I took Cheerio off his leash. “Okay, Cheerio. Time to focus. You can do this, I know you can. Now, sit up on your hind legs.”
I raised my hand in the air, so he could follow it with his eyes.
“Up, boy. Come on. Up.”
I swear to you, he was just about to do it. I could see it in his eyes. They had a real sitting-up kind of look. But before he could actually do it, a bicycle came whizzing along the path next to us. McKelty was holding the seat, thumping along next to it, while his Chihuahua was using all four paws to hold on to the seat for dear life. The look on that little dog's face said, “Please, someone! Anyone! Get me off this thing, and quick!”
All of a sudden, Fang let out a squeal, and I really think I heard him say, “Ayyyyyy, caramba!”
Cheerio heard it, too, because in a flash, he was off and running, chasing McKelty's bike and nipping at the rubber back wheel.
“Hey, get your wiener dog out of here,” McKelty hollered. “Get control of him.”
Easier said than done. Cheerio kept nipping at the wheel, then at McKelty's pant leg. McKelty, who is not exactly coordinated to begin with, tripped over his own big feet, and went sprawling onto the path. The bike went down on top of him, and Fang went flying. Luckily, he made a soft landing on McKelty's face. He was safe except for the bad breath that was gushing out of McKelty's mouth. I bet that blast of toxic breath made the poor little guy wish he was back on the bicycle, even though he had been scared out of his wits.

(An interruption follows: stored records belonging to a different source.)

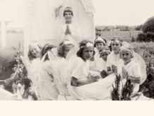 Een schitterende wagen welke het gebed symboliseert dat zo velen gebeden hebben, Maria Koningin van de Vrede bid voor ons. Op deze wagen meisjes uit de omgeving van de Rijnsburgerweg. Claartje Ottenheim ziet haar dochtertje Riet maar ook Lien Roozen, Krina en Rietje Langeveld en Annie en Gree van der Hulst. Op de achtergrond staat de zweefmolen op het bijveld van R.K.S.V. Foreholte, nu het Kievitspark. Rechts de bloemen- en bollentuin van Cees van Werkhoven tegenover de kapsalon van Peters.
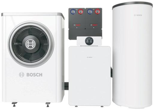 Bei der Luft-Wasser-Wärmepumpe „Compress 3400i AWS“ kann aus sieben Leistungsgrößen gewählt werden. Sie liefert Vorlauftemperaturen von bis zu 60 °C. Mit einem Schallpegel von 56 dB(A) bzw. 58 dB(A) ist sie laut Herstellerangabe besonders leise. Bosch
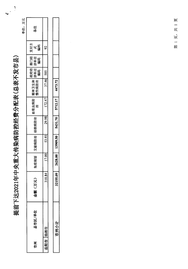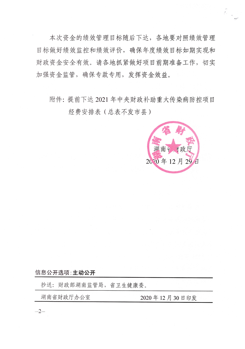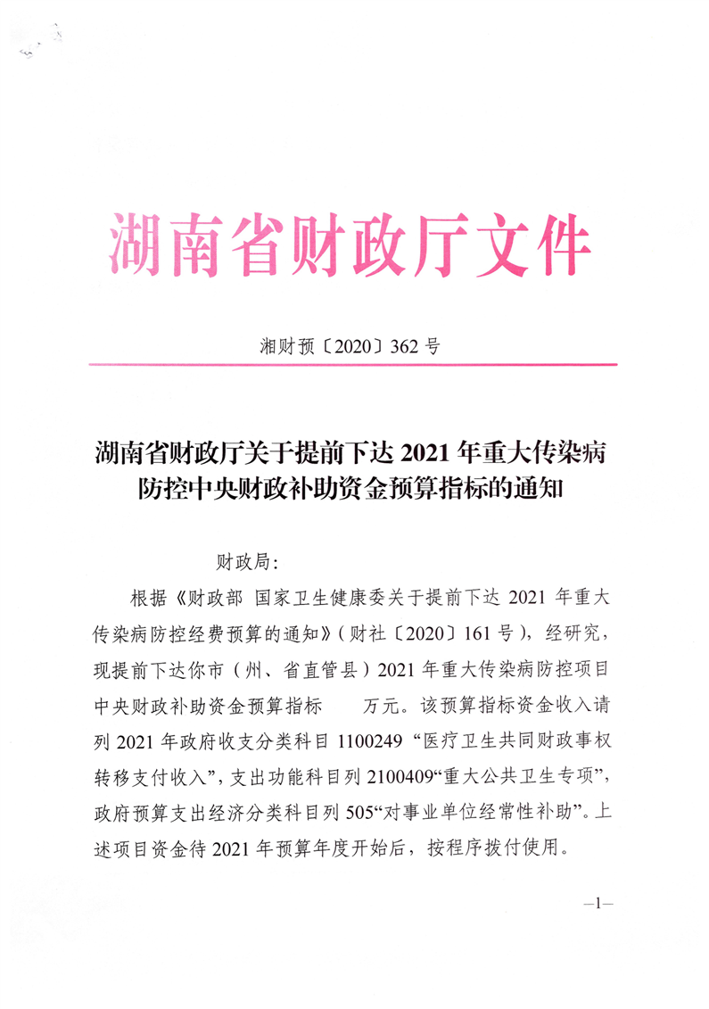 湖南省财政厅关于提前下达2021年重大传染病防控中央财政补助资金预算指标的通知
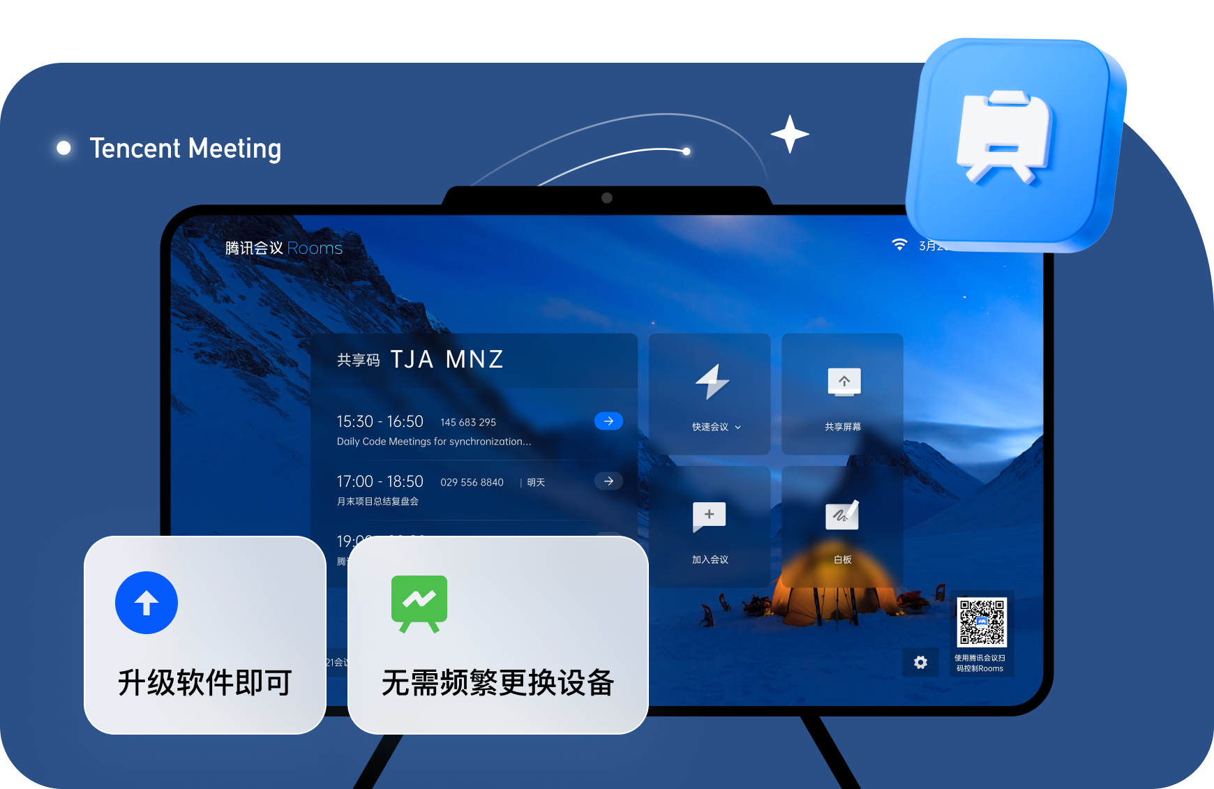 腾讯会议和会议室 (Rooms) 扩展性强,学校只需要简单升级软件,无需频繁更换设备。

“Everyone okay here?” a voice said.
It was Officer Quinn, doing his rounds along the park path. He bent over and lifted Fang off McKelty's face, then helped McKelty up.
“No, I am definitely not okay,” McKelty whined. “This little wiener dog attacked my bicycle wheel. Isn't there a law against that?”

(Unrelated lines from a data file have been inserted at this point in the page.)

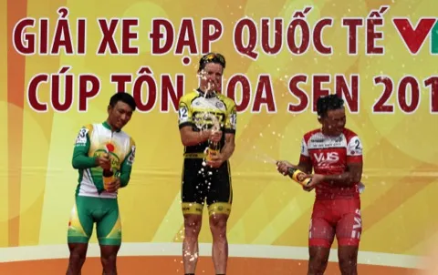 Tay đua Hà Lan Jos Koop (áo xanh) lần thứ hai liên tiếp nhất chặng
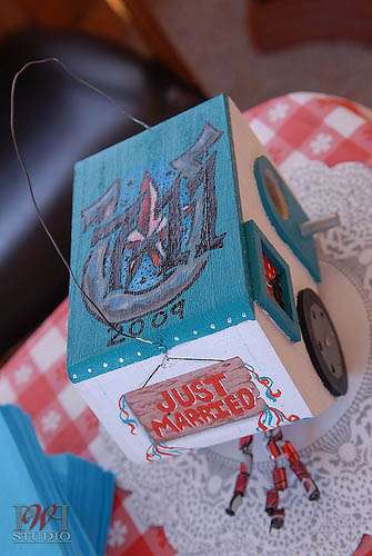 Jenn made her own veil and fascinator, the invitations, her bouquet, the boutonnieres, the cake, the decorations and the signs. Skip made his own Groom’s cake – a bowling ball and pins – and helped Jenn wherever she needed it! Jenn’s sister and maid of honour made all the cute cupcakes and each Bridesmaid maid their own fascinators. The couple decided not to include anybody in their wedding that they didn’t know – so they had a friend perform the ceremony and other friends chip in with food, hair and make up.
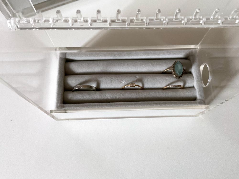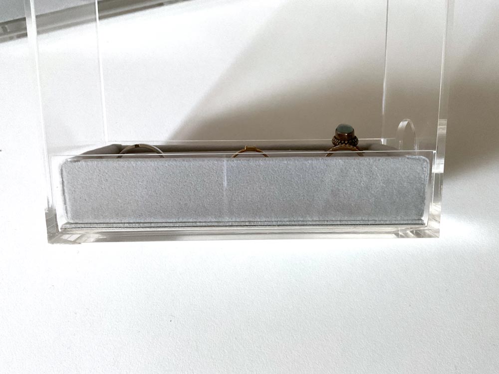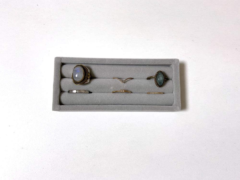 ですが、もちろん無印良品の「アクリルネックレス・ピアススタンド用ベロア内箱仕切・リング用・グレー」なら、専用の商品なのでもちろんサイズ感はピッタリです。
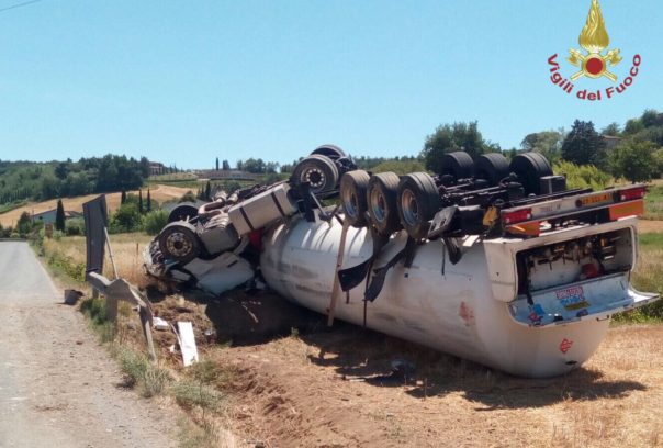 Peccioli, strada regionale 439: autocisterna Gpl si ribalta, ferito il conducente, circolazione sospesa (Foto)

“Hank, you know better than this,” Officer Quinn said to me. “Your dog is supposed to be on a leash.”
“What about his?” I said. “His was riding a bicycle.”
“No kidding,” Officer Quinn said. “That's a pretty good trick.”
“My dog is a real champion,” McKelty bragged. “His father was the official Chihuahua to the emperor of Mexico.”
There it was again, in full action—the McKelty Factor.